# Data Analysis

After running your database queries, you received the following printout detailing the reservoirs:

**[Scatterplot 1] [Scatterplot 2] [Scatterplot 3]**

6. What conclusions can you draw from the above scatterplots?

- The incidence proportion of Susser Syndrome in areas served by the Rothman and Greenland reservoirs appears to be identical
- Specifically, there is a negative correlation between distance from the Porks-A-Lot Farm and Susser Syndrome (as distance increases, incidence decreases)
- Individuals drinking Rothman Reservoir water have approximately twice the risk of developing Susser Syndrome than individuals drinking Greenland Reservoir water.

## Intellectually curious?

Analysis of the data presented in the tables accompanying scatterplots 1 and 2 shows that in both instances correlations between the distance from Porks-A-Lot Pig Farm and incidence of Susser Syndrome are very strong (-0.97 for Rothman Reservoir and -0.92 for Greenland reservoir.) This means that whenever distance increases, incidence always decreases. Since the relationships appear to be linear, we can fit a linear model using the least squares method. Regression coefficients which predict the average magnitude of the expected change in incidence given a change in the distance from the farm are quite different for the two reservoirs (-0.57 for Rothman and -0.09 for Greenland reservoir.)

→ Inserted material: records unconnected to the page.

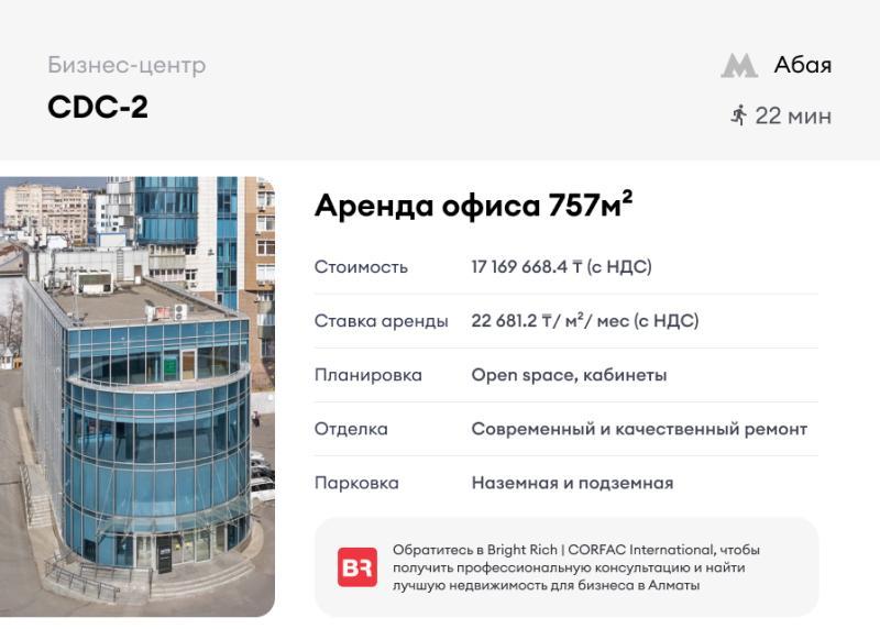 Аренда офиса в бизнес центре CDC-2. Удобное расположение - угол Аль-Фараби - Назарбаева. Без комиссии и переплат. Подписание договора напрямую с собственником. В аренду предлагается два этажа полностью. Офис с ремонтом, готов ко въезду. - Площадь: 757 м² - Этаж: сумма 1 и 2 этажа - Планировка: open space, кабинеты - Метро: Абая Ставка аренды: 22 681. 2 ₸/м² в месяц. В ставку включен НДС. Звоните, мы оперативно организуем просмотр в удобную для вас дату и ответим на все интересующие вопросы.
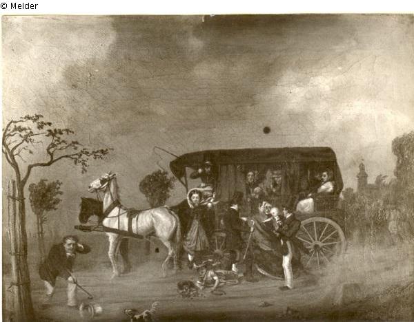 bei heraufziehenden Sturm und düsterem Himmel hält ein Kremser mit Ausflüglern. Eine Mutter deren Kind anscheinend herausgefallen ist, steigt gerade an dem Kutschersitz; ein Herr mit Zylinder hilft einer Dame einzusteigen, ein anderer mit rotem Regenschirm unter dem Arm hält ein Kind. Links im Bild ein Herr dem der hellgraue Zylinder fortfliegt. Im Hintergrund die Kirche (von Tempelhof?) Sign. unten rechts: Arnold Neumann 1856 Neuerwerbungen des Märkisches Museum. Kulturgeschichtliche und stadtgeschichtliche Erwerbungen Herbst 1937 bis Weihnachten 1938 XI, Berlin 1939, S. 35, Abb. 23
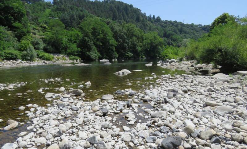 01-07-2018 De Ardèche bij Vals-les-Bains vanaf de brug bij Labégude
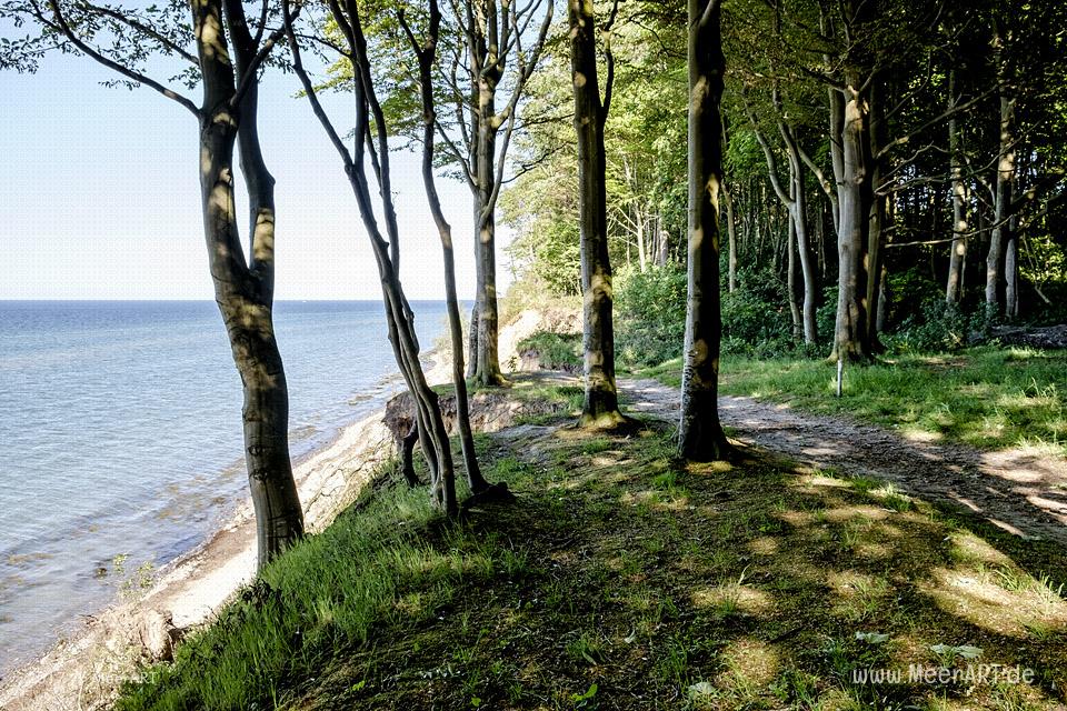 Der Blick von oben auf die azurblaue Ostsee allein ist schon ein Traum, aber auch die Licht- und Schattenspiele zwischen den Bäumen sind einfach atemberaubend schön. Ein wenig hat es uns an den Gespensterwald in Nienhagen erinnert, nur, dass wir es hier noch viel schöner fanden.
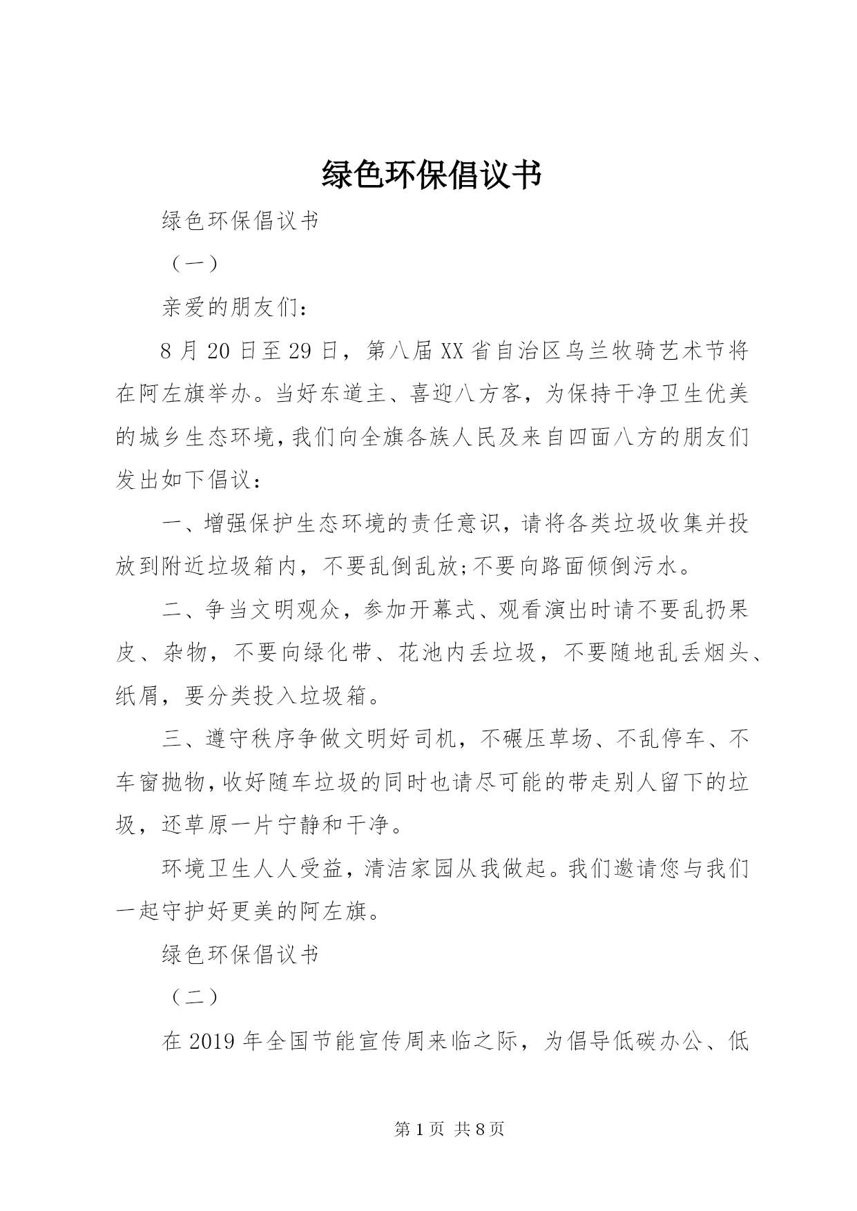 第PAGE\*Arabic\*MERGEFORMAT8页共NUMPAGES\*MERGEFORMAT8页绿色环保倡议书绿色环保倡议书(一)亲爱的朋友们:8月20日至29日,第八届XX省自治区乌兰牧骑艺术节将在阿左旗举办。当好东道主、喜迎八方客,为保持干净卫生优美的城乡生态环境,我们向全旗各族人民及来自四面八方的朋友们发出如下倡议:一、增强保护生态环境的责任意识,请将各类垃圾收集并投放到附近垃圾箱内,不要乱倒乱放;不要向路面倾倒污水。二、争当文明观众,参加开幕式、观看演出时请不要乱扔果皮、杂物,
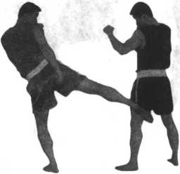 可用于中、远距离的进攻和反击。低位进攻时可以进攻对手大、小腿(图4-65),也可以作为假动作引诱对方伺机进攻。中、高位进攻对方头、胸、腹部也可以配合步法进行反击(图4-66,4-67),
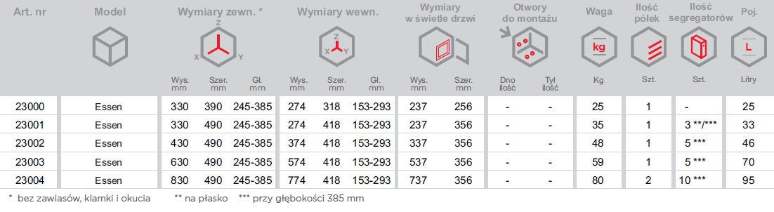 Sejfy serii ESSEN to sejfy Klasy S2 posiadające wyjątkową cechę czyli regulowaną głębokość od 245 do 385 mm przeznaczone do wmurowania w ścianę. Sejfy ścienne są jednym z najbardziej powszechnych rozwiązań do przechowywania broni, amunicji, dokumentów, kosztowności i pieniędzy. Powszechne stosowanie ze względu na łatwość użytkowania i możliwość ukrycia sejfu. Instalowane są w ścianie, co zapewnia podstawową ochronę przed włamaniem, a właściwości ochronne wbudowanych sejfów są określane tylko przez przednią płytę.
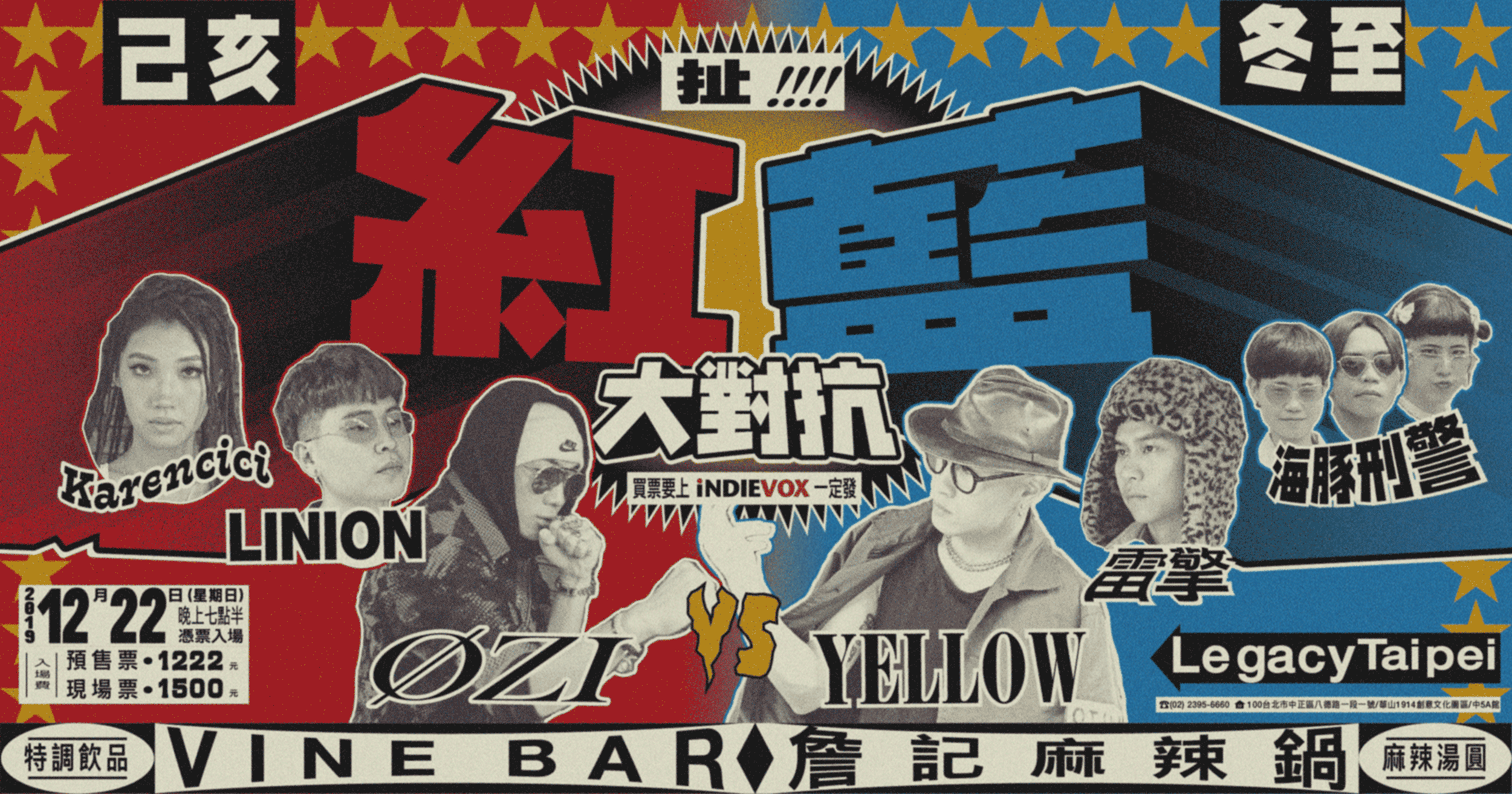 本年度最扯的「扯!!!!己亥冬至紅藍大對抗」演唱會將於12/22(日)冬至夜於LEGACY 台北登場,這場演唱會將打破外界拼盤演出定義,上演絕無僅有的全武行大亂鬥,網羅最狂金獎系列歌手助陣,包括金曲獎得主ØZI、YELLOW個別領軍,號召金音獎得主Karencici、LINION、雷擎、海豚刑警組隊,打造史上最夢幻PK陣容。

Correlation coefficients measure the degree of linear dependence between two variables. That is, correlation coefficients use the standard deviation in two variables to determine the extent to which the standard deviations seem, on average, to vary linearly together. Correlation coefficients are useful for an initial characterization of the relationships among variables, but are sensitive to deviations from normality and extreme observations. Regression coefficients fit a line to the relationship between two variables that minimizes the distance between each observation and the prediction that the line would provide. Regression coefficients standardize the magnitude estimate of the relationship between two variables. The estimate that one gets from a linear regression represents the average change in the outcome variable given a one-unit change in the predictor variable. If the regression coefficient is equal to zero, it indicates that a one-unit change in the predictor does not provide any information about the outcome. While regression coefficients also assume a normally distributed outcome and are also affected by extreme observations, in general the regression format is more robust to deviations from assumptions as compared to correlation coefficients.